__WHAT IS REQUIRED__
From the first line of the entries below through the line holding "Example: Based purely", write out every line exactly, please, and leave out the pictures.

[Stored dataset items]
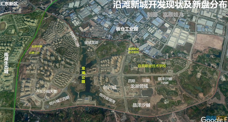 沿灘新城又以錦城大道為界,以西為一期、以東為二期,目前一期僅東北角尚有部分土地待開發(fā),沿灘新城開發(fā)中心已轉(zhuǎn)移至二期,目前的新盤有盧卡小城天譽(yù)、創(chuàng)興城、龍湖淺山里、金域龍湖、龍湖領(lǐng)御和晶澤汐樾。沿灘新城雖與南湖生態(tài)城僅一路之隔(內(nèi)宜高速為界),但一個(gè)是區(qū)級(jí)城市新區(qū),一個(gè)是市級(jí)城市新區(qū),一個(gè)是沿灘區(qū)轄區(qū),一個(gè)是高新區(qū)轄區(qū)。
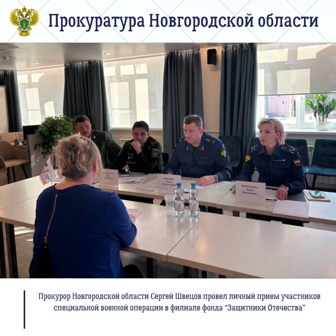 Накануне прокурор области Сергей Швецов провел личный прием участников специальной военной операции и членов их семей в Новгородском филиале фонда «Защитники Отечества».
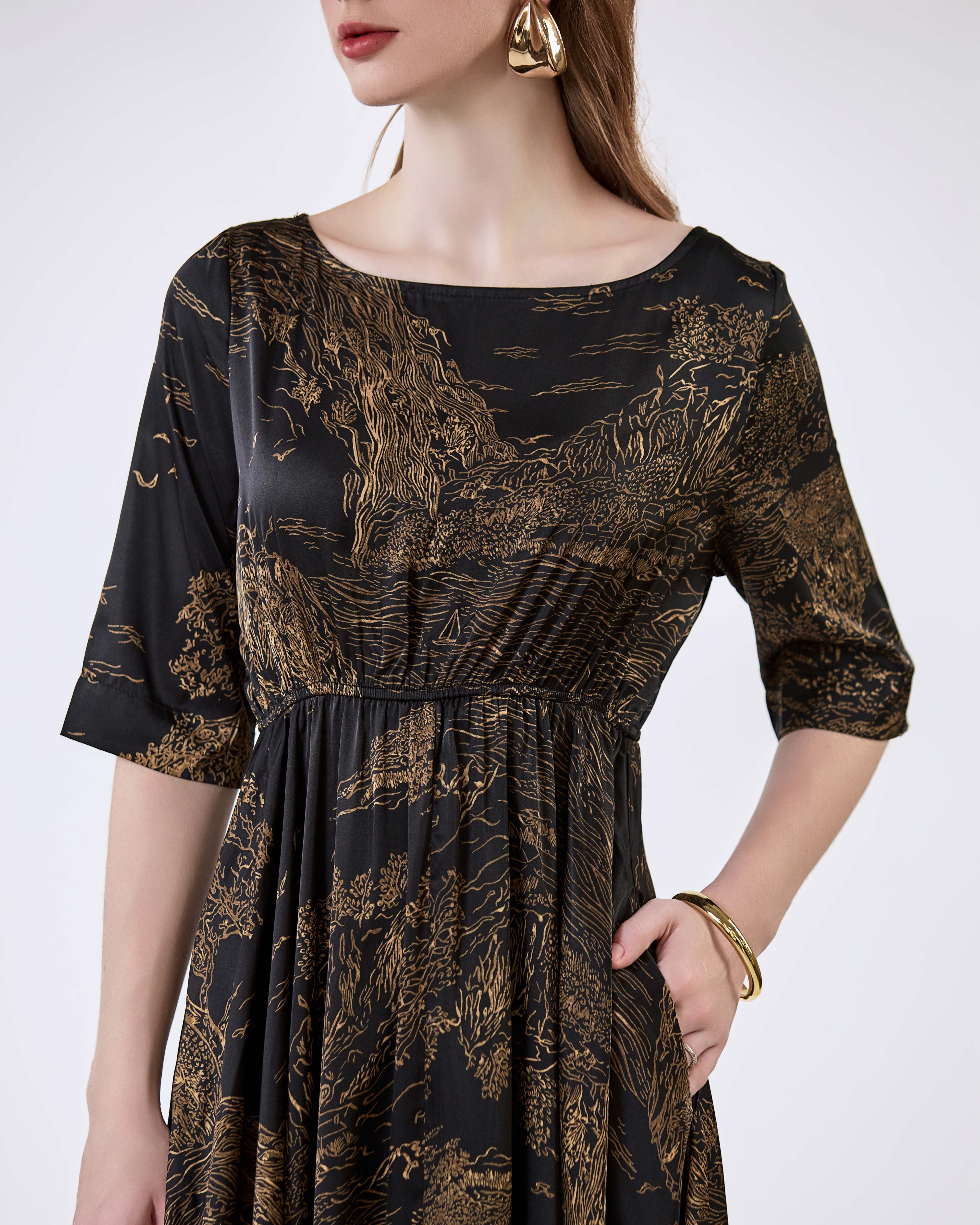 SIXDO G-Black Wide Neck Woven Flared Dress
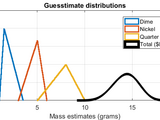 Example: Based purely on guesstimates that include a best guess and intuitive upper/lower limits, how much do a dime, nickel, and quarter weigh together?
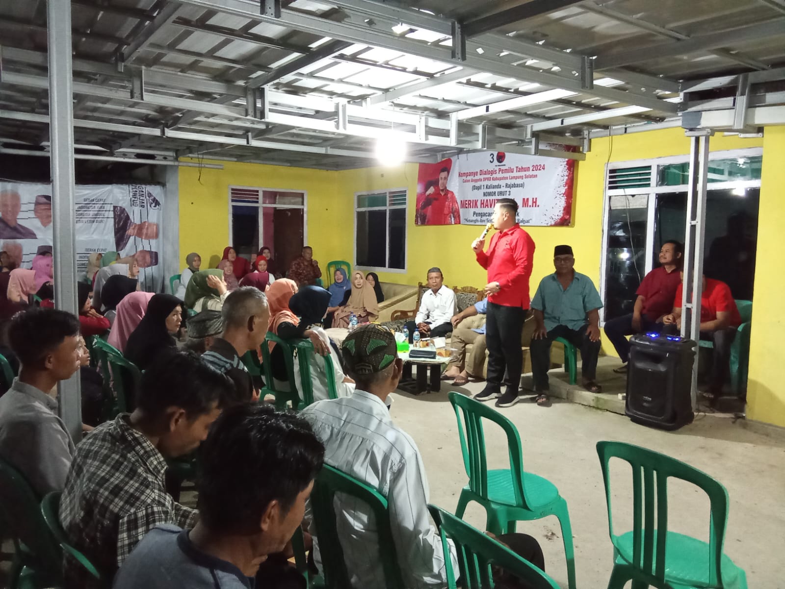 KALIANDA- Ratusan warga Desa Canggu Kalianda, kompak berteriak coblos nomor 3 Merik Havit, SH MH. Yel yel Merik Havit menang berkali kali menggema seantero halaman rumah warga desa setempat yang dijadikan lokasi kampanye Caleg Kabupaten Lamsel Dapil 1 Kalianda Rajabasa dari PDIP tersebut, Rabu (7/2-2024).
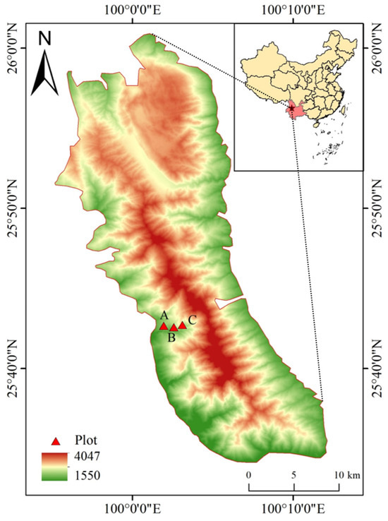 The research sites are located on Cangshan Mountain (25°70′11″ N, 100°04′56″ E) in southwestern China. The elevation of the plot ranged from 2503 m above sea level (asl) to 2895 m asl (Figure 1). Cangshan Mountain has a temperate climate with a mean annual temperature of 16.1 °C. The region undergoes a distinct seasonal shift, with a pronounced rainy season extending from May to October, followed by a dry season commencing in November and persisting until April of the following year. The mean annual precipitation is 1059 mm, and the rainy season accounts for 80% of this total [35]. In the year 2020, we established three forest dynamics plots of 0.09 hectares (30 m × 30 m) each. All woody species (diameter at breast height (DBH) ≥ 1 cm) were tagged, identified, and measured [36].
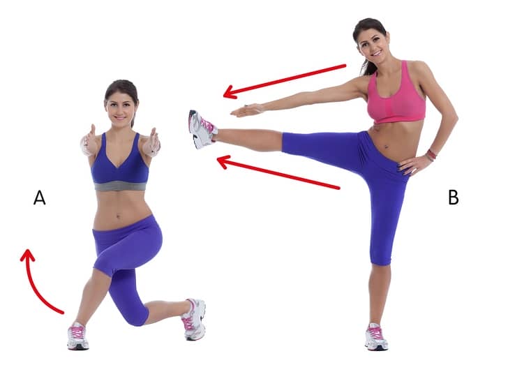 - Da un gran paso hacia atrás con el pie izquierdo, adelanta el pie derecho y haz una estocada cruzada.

__THE ANSWER__
 沿灘新城又以錦城大道為界,以西為一期、以東為二期,目前一期僅東北角尚有部分土地待開發(fā),沿灘新城開發(fā)中心已轉(zhuǎn)移至二期,目前的新盤有盧卡小城天譽(yù)、創(chuàng)興城、龍湖淺山里、金域龍湖、龍湖領(lǐng)御和晶澤汐樾。沿灘新城雖與南湖生態(tài)城僅一路之隔(內(nèi)宜高速為界),但一個(gè)是區(qū)級(jí)城市新區(qū),一個(gè)是市級(jí)城市新區(qū),一個(gè)是沿灘區(qū)轄區(qū),一個(gè)是高新區(qū)轄區(qū)。
 Накануне прокурор области Сергей Швецов провел личный прием участников специальной военной операции и членов их семей в Новгородском филиале фонда «Защитники Отечества».
 SIXDO G-Black Wide Neck Woven Flared Dress
 Example: Based purely on guesstimates that include a best guess and intuitive upper/lower limits, how much do a dime, nickel, and quarter weigh together?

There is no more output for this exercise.